陆牧生和三当家五个德武寨义匪,顺着街面上的青石路往镇子东头赶去。
街面上依旧一片狼借,还没有几个百姓敢出来,三当家五个义匪出了白家后门,便摘下戴在脸上的唱戏面具。
陆牧生特意地打量了一眼五人,一个个长得面容刚毅,略有些戎马之气,都是二十几岁和三十几岁的年纪,但陆牧生不认识他们都是谁跟谁
倒是那个自称三当家的汉子,陆牧生多看了两眼。三十来岁左右,颧骨有些突出,眼窝略有深邃,有着一张坚毅的面部轮廓,想必应该是个很懂得隐忍的人。
“陆队长,你认识我?”
三当家察觉到陆牧生盯着自己,扭头问了一句。
“以前不认识,现在算认识吗?”陆牧生道。
“算。”三当家点了点头,“以后你我便是朋友。”
说完三当家扬起鞭子,加快往前而去。
秋末的风卷着枯草灰尘刮在脸上有些生疼,远处的日头已经西斜而下,灰蒙蒙的天色透着股说不出的萧索。
出了镇口没多大会儿,城隍庙的影子就在前方露了出来。
这座城隍庙已经破败得不成样子,四周的围墙几乎都倒塌了,就剩下孤零零的一座主殿。朱红大门更是掉了半边,就连门楣上方的“城隍庙”三个字都被风雨剥得只剩个模糊轮廓。
此时 。
四周墙根下挤了不少衣衫褴缕的流民,老的少的蜷缩在了一块,见有人骑马过来,都怯生生地往旁边缩,眼神里又藏着些活下去的渴望。
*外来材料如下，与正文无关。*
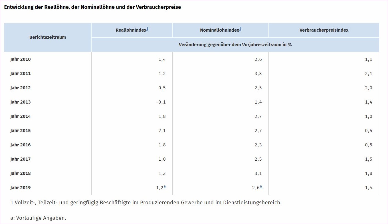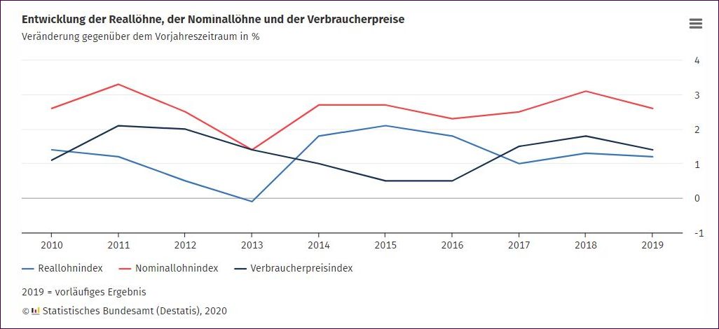 Diese Angaben sind vorläufige Ergebnisse über die nominale (nicht preisbereinigte) und reale (preisbereinigte) Entwicklung der Bruttoverdienste in Deutschland im Jahr 2019. Detaillierte und endgültige Daten für das 4. Quartal 2019 und das Jahr 2019 werden voraussichtlich Ende März 2020 veröffentlicht.
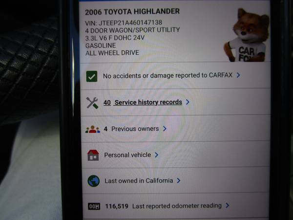 I am selling a very nice 2006 Toyota Highlander 4-Door Sport Utility Vehicle, 3.3L V6 Engine, All Wheel Drive, Automatic Transmission, with 116k original miles.
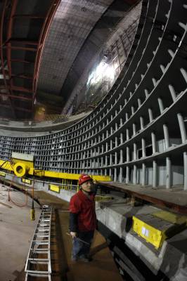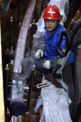 三峡地下电站进入机组安装2011年1月2日,工人在三峡地下电站5号发电机组安装定子汇流环。三峡地下电站主厂房土建施工胜利完工后,全面转入发电机组安装。三峡地下电站设计安装6台70万千瓦混流式水轮发电机组。计划2011年将有3台机组投产发电。文振效
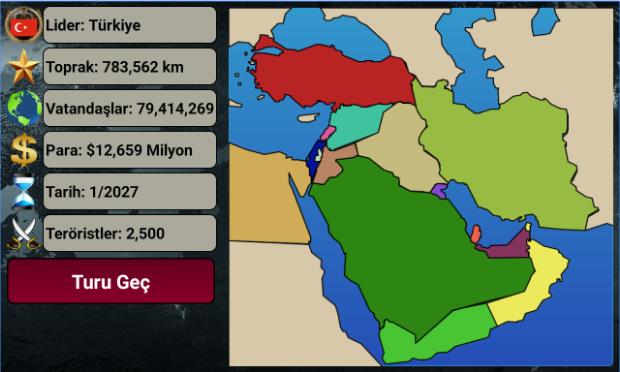 Imperio de Medio Oriente 2027 APK, En el juego, tendrás autoridad ilimitada en tu país durante el levantamiento contra el gobierno en 2027 y desarrollarás tu país y lo convertirás en el emperador de Medio Oriente. En el juego Middle East Empire 2027, intentarás desarrollar tu país en los campos militar y económico e intentarás convertirte en un líder superior a todos los demás. Intentarás tomar las decisiones correctas con tus propias estrategias y demostrar que eres el mejor país entre 14 países.
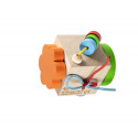 Montessori kostka, obasahujíc několik variant drobných činností k procvičení motorických schopností dítěte. Vhodné pro děti od 18m. Velikost hračky 70x70x70mm. Upevněno na paírové kartě
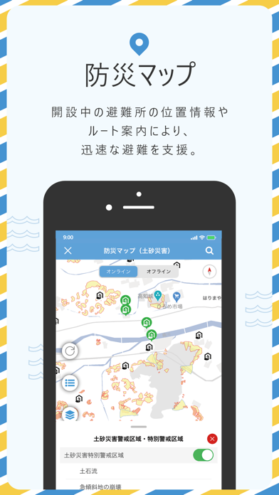 災害時に被害を想定しつつ、避難場所を探せます。地震や津波などの災害種別に合わせ、危険な場所が色分け表示。避難場所の表示と経路案内も利用できます。
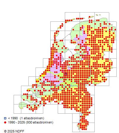 Het aantal atlasblokken (5x5 km) waarin de soort is gemeld binnen een periode van vijf jaar (vanaf 1980) of twintig jaar. Niet gecorrigeerd voor waarnemersinspanning en het aantal doorgegeven waarnemingen kan sterk variëren per periode, dus een trend in verspreiding kan hier niet direct uit worden afgelezen. Het opgegeven jaartal is het eerste jaar van de periode. Bron: gevalideerde waarnemingen uit de NDFF.
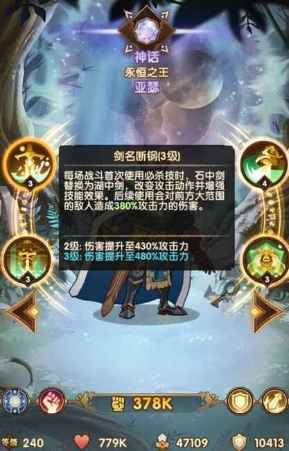 每场战斗首次使用必杀技时,石中剑替换为湖中间,改变攻击动作并增强技能效果,后续使用会对前方大范围的敌人造成380%攻击力的伤害
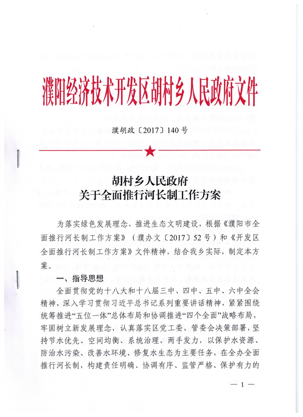 胡村乡全面推行河长制工作方案
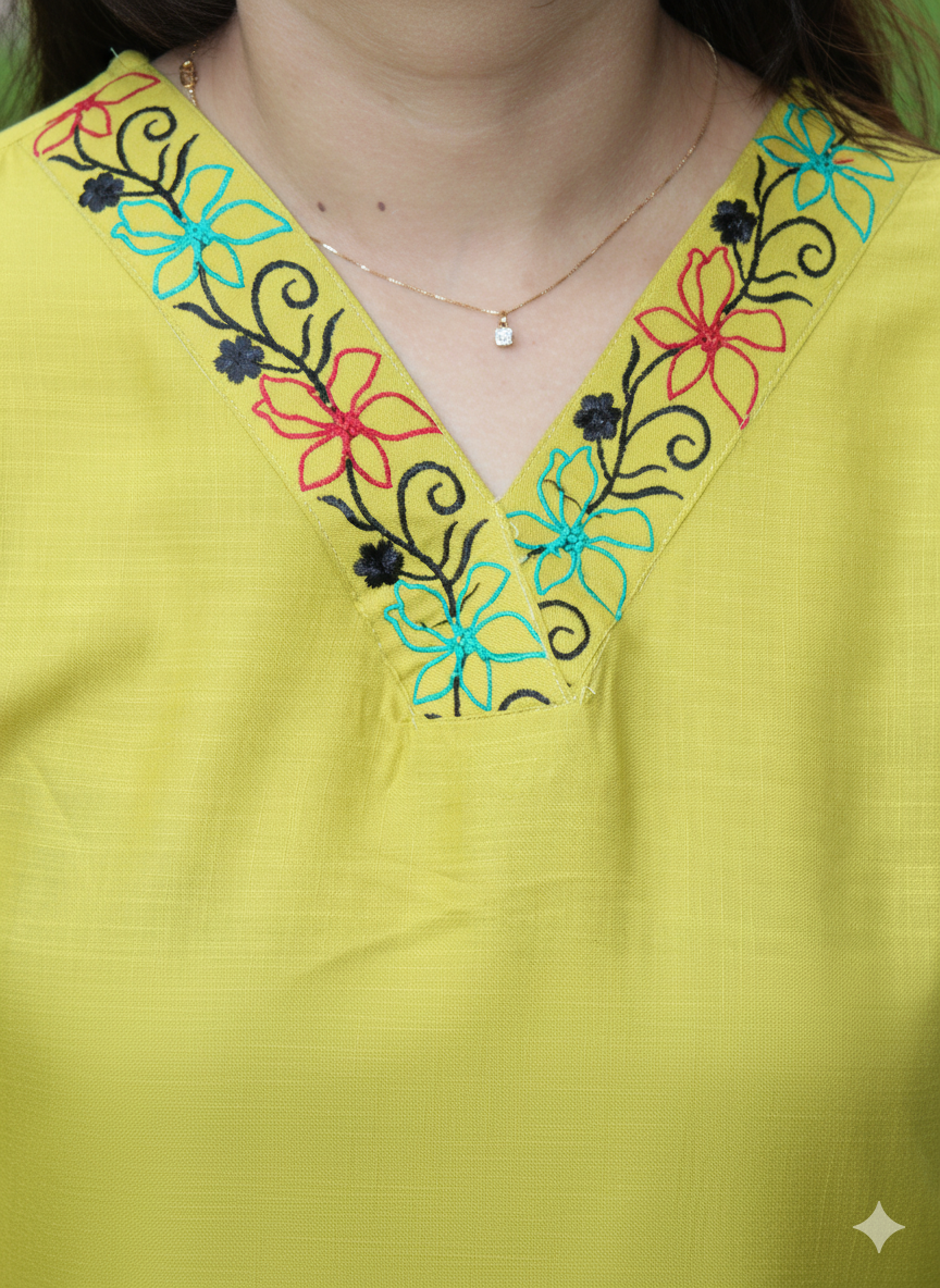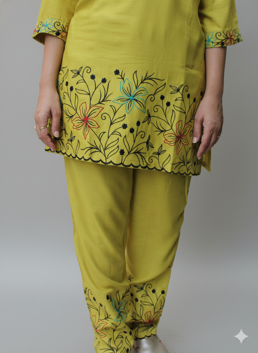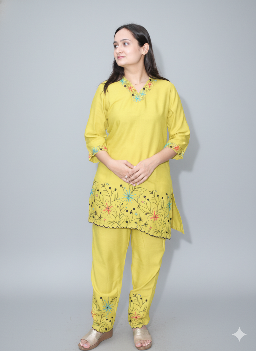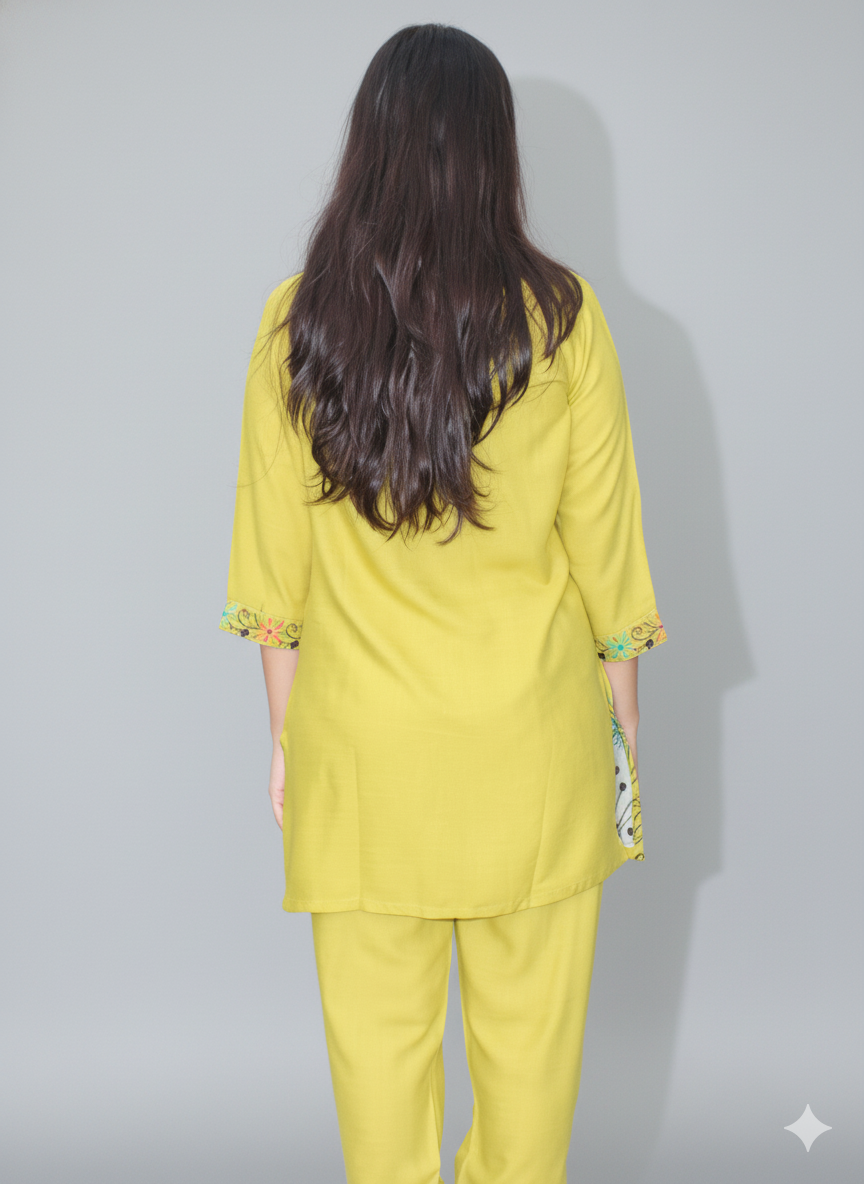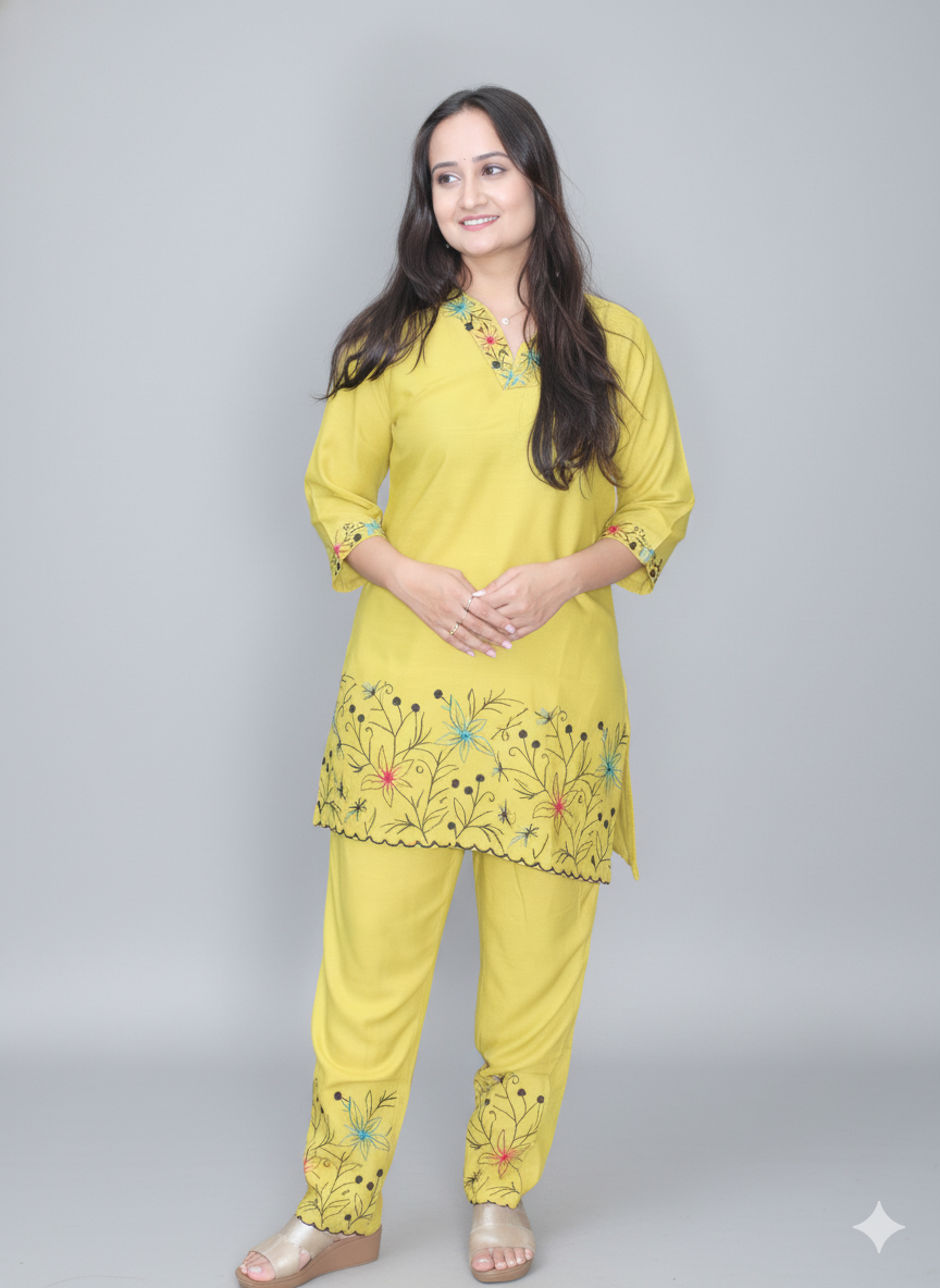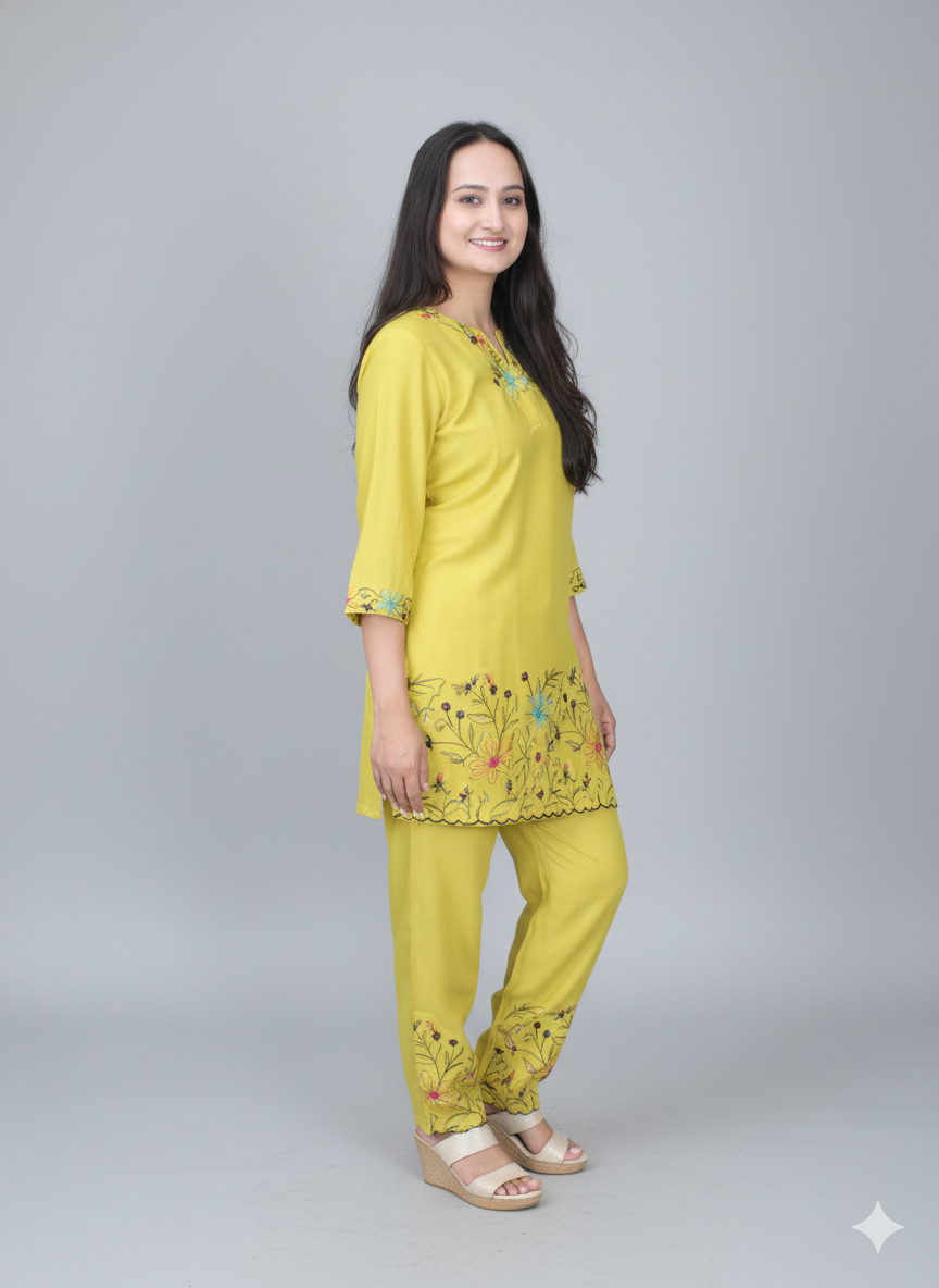 Women Yellow Embroidered Co-Ord Set Elegant Summer Two-Piece Outfit
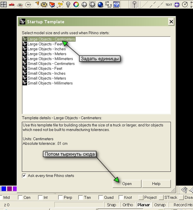 когда вы открываете Рино, у вас должно выпадать окно, в котором необходимо задать единицы измерения...
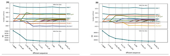 The coefficient progression for time with selection steps for model selection using LASSO method: (A) 7-year and (B) 10-year model.
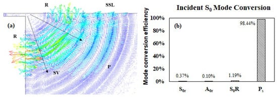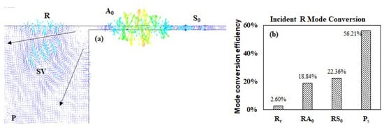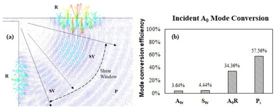 The nodal displacement vectors for the mode interaction with discontinuity are shown in Figure 5a. Unlike the case, the P waves have a higher amplitude compared to SV, and a distinct shear window (with phase reversal) is not observed. Interestingly, a sub-surface longitudinal wave can be seen propagating ahead of the R wave on the top surface. The mode conversion efficiencies calculated from the numerical model are presented in Figure 5b. About 0.37% of the incident mode is reflected in the thin plate as an mode, and less than 0.1% is reflected as an mode. The Rayleigh mode conversion efficiency for the mode was calculated to be 1.19%, which is very small compared to the mode conversion efficiency. Once again, using the power flux balance, was calculated to be 98.44%. Additionally, a sub-surface longitudinal wave was also observed, as shown in Figure 5a.
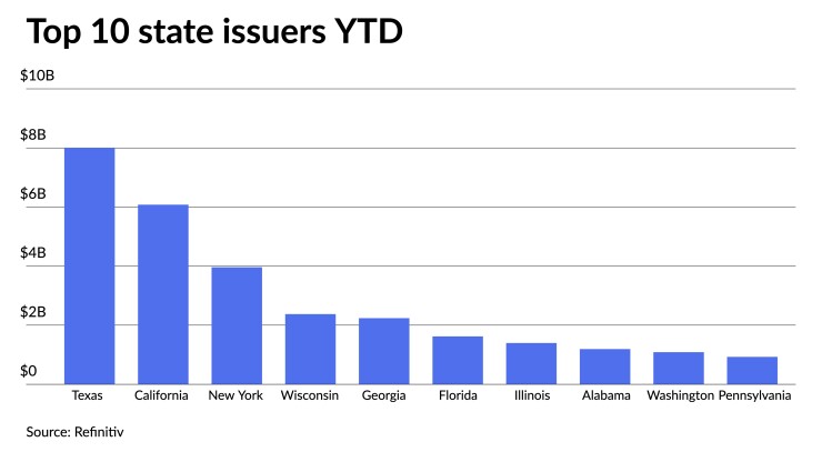 Issuers in the Lone Star State accounted for $8.010 billion, up 5.4% year-over-year. California was second with $6.080 billion, up 15.4%. New York was third with $3.963 billion, down 6.9%, followed by Wisconsin in fourth with $2.377 billion, up 119.6%, and Georgia in fifth with $2.239 billion, a 21.1% increase from 2021.
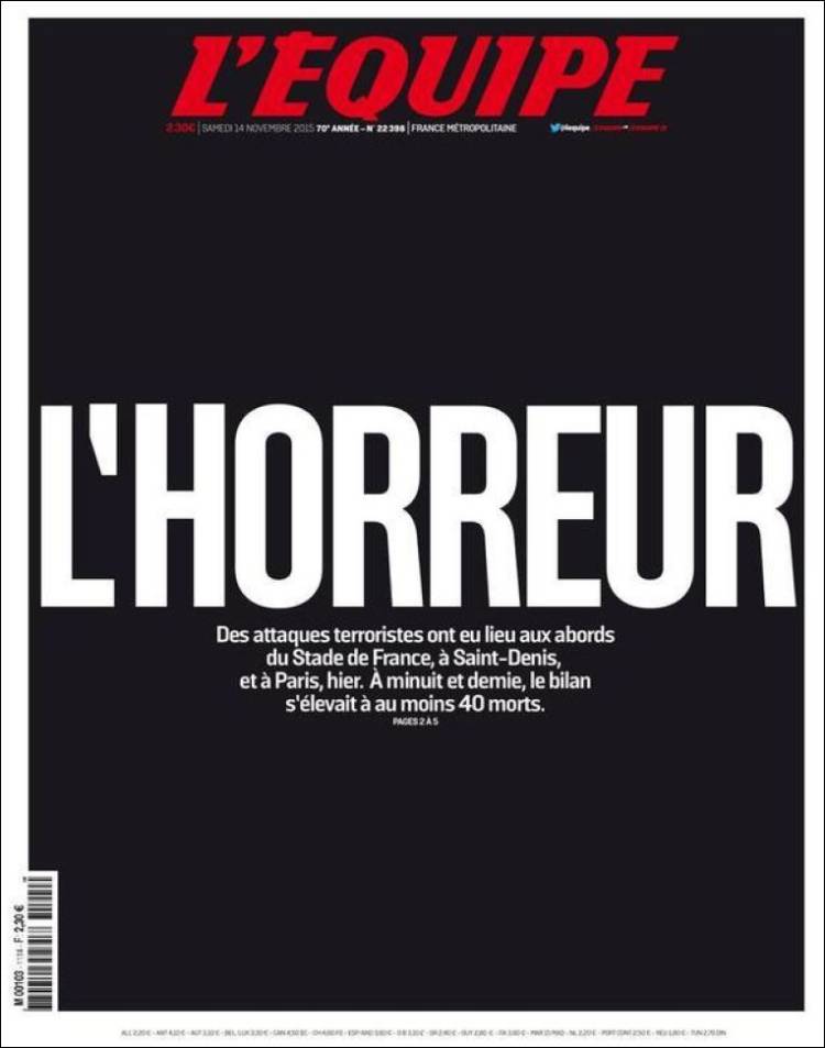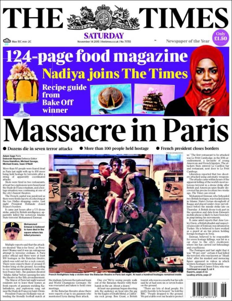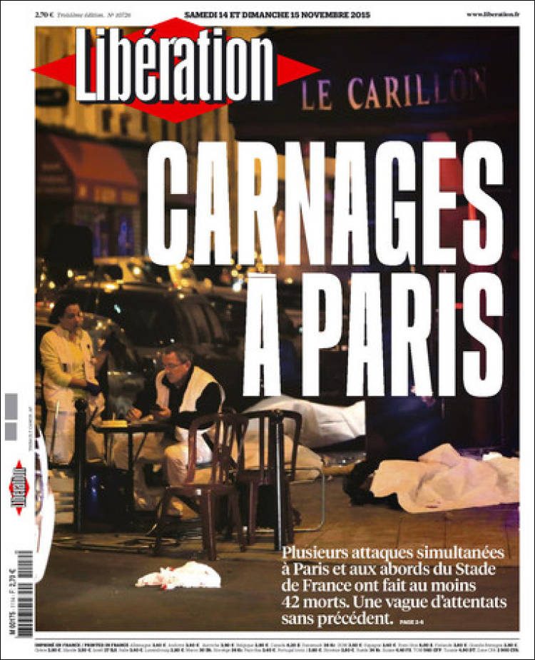 Fransa'nın başkenti Paris'teki eş zamanlı terör saldırılarını, dünya basını manşetlerine taşıdı. Neredeyse tüm dünyanın ortak sözü, yaşananın 'katliam' ve 'vahşet' olduğuydu.

城隍庙的旁边还有一棵老槐树,枝桠歪歪扭扭地伸向天穹,树下拴着三匹马,马身上还沾着些尘土和暗红的血渍。
距离不远处的一处土坡,站着个人,一身粗布短打,背影挺拔如松。
正是张麻子!
土坡的东西方向各自立着个人影,手里握着汉阳造,是先前跟着张麻子去追两个匪首的老二和老六。
“到了。”
三当家率先勒住马缰,声音透着几分爽朗。
几人纷纷翻身下马,陆牧生也跟着跳下来,抱在腋下的箱子沉甸甸地坠着手腕。
三当家五个德武寨义匪快步往土坡上走去,离着还有几步远,就齐声喊:“大哥!”
张麻子缓缓回过身,脸上的唱戏面具已经摘了,露出一张棱角分明的脸庞,看着四十来岁左右。
眉眼深邃,鼻梁如脊,脸上压根没有麻子,只是眉角处一道浅浅的疤痕,添了几分沧桑之感。
他的目光扫过三当家五人,最后落在旁边的陆牧生身上。
陆牧生把箱子搁在旁边一块石头上,才向张麻子抱了抱拳道:“张当家,大少奶奶让我把这个箱子给你。”
张麻子没接话,转头对三当家五人摆了摆手:“你们先下去,到老槐树那边候着,我和这位年轻人说几句话。”
“晓得了,大哥。”
三当家五人也不多问,拱了拱手,转身就往下面老槐树的方向去了。
土坡这边就只剩陆牧生和张麻子两人,日头西斜映着一前一后两道人影,风呜呜地吹拂而过。
张麻子望着不远处那座破败的城隍庙,眼神沉了沉,开口说了第一句:“这世道,到处都是吃人的恶鬼,有权有势的刮地皮,兵匪勾结害百姓!城隍爷本该保一方平安,可它护不住这方老百姓周全,老百姓也就把它抛弃了!你看这庙,荒得已经跟一块无用废地没有区别,勉强只能给些无家的百姓落个脚,遮挡一下外面风雨。”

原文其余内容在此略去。